DATA
□ □ □ □
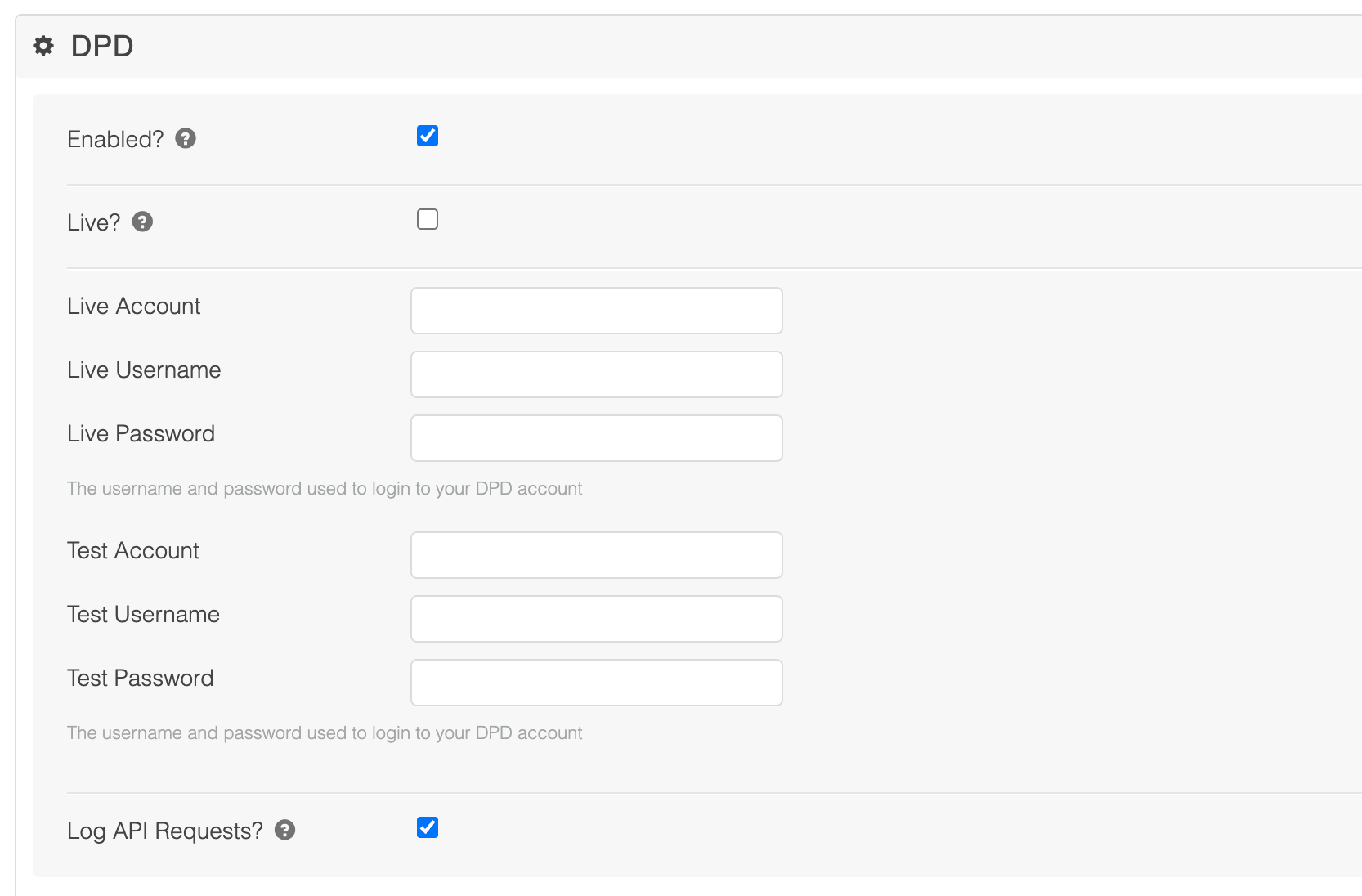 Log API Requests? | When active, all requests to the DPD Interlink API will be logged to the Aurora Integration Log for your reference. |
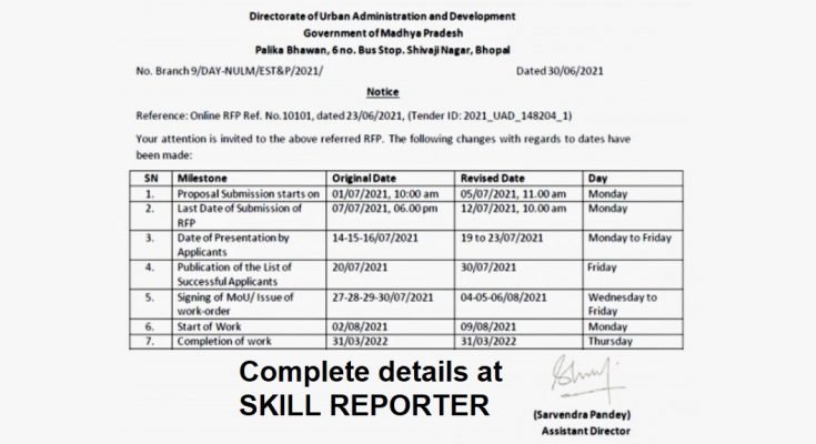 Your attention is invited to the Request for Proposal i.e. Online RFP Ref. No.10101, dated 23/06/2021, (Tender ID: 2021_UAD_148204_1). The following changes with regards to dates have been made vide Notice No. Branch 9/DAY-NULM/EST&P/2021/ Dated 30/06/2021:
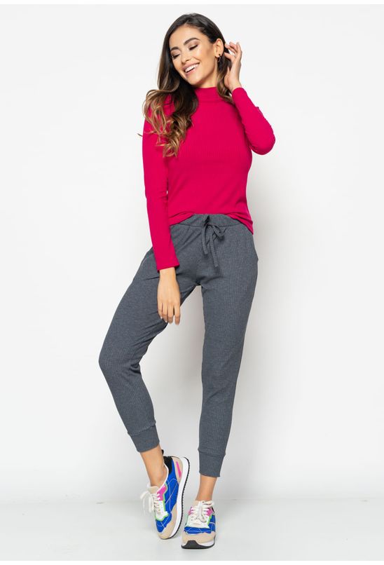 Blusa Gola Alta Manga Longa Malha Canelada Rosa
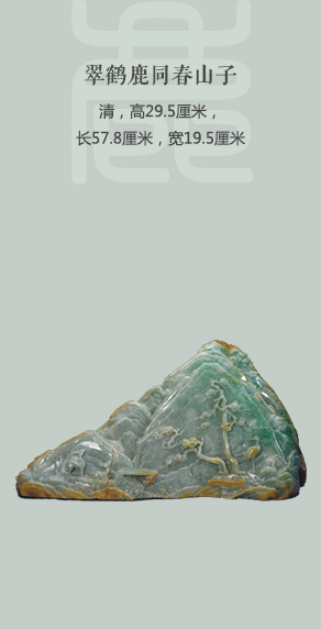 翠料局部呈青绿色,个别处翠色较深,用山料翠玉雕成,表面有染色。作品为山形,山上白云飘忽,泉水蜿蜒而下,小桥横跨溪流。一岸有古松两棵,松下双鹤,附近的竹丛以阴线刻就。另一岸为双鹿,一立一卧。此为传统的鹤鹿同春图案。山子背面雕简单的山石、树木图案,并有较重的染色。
□ □ □ □
The reply should contain all of the data above, word for word, with no pictures.

 Log API Requests? | When active, all requests to the DPD Interlink API will be logged to the Aurora Integration Log for your reference. |
 Your attention is invited to the Request for Proposal i.e. Online RFP Ref. No.10101, dated 23/06/2021, (Tender ID: 2021_UAD_148204_1). The following changes with regards to dates have been made vide Notice No. Branch 9/DAY-NULM/EST&P/2021/ Dated 30/06/2021:
 Blusa Gola Alta Manga Longa Malha Canelada Rosa
 翠料局部呈青绿色,个别处翠色较深,用山料翠玉雕成,表面有染色。作品为山形,山上白云飘忽,泉水蜿蜒而下,小桥横跨溪流。一岸有古松两棵,松下双鹤,附近的竹丛以阴线刻就。另一岸为双鹿,一立一卧。此为传统的鹤鹿同春图案。山子背面雕简单的山石、树木图案,并有较重的染色。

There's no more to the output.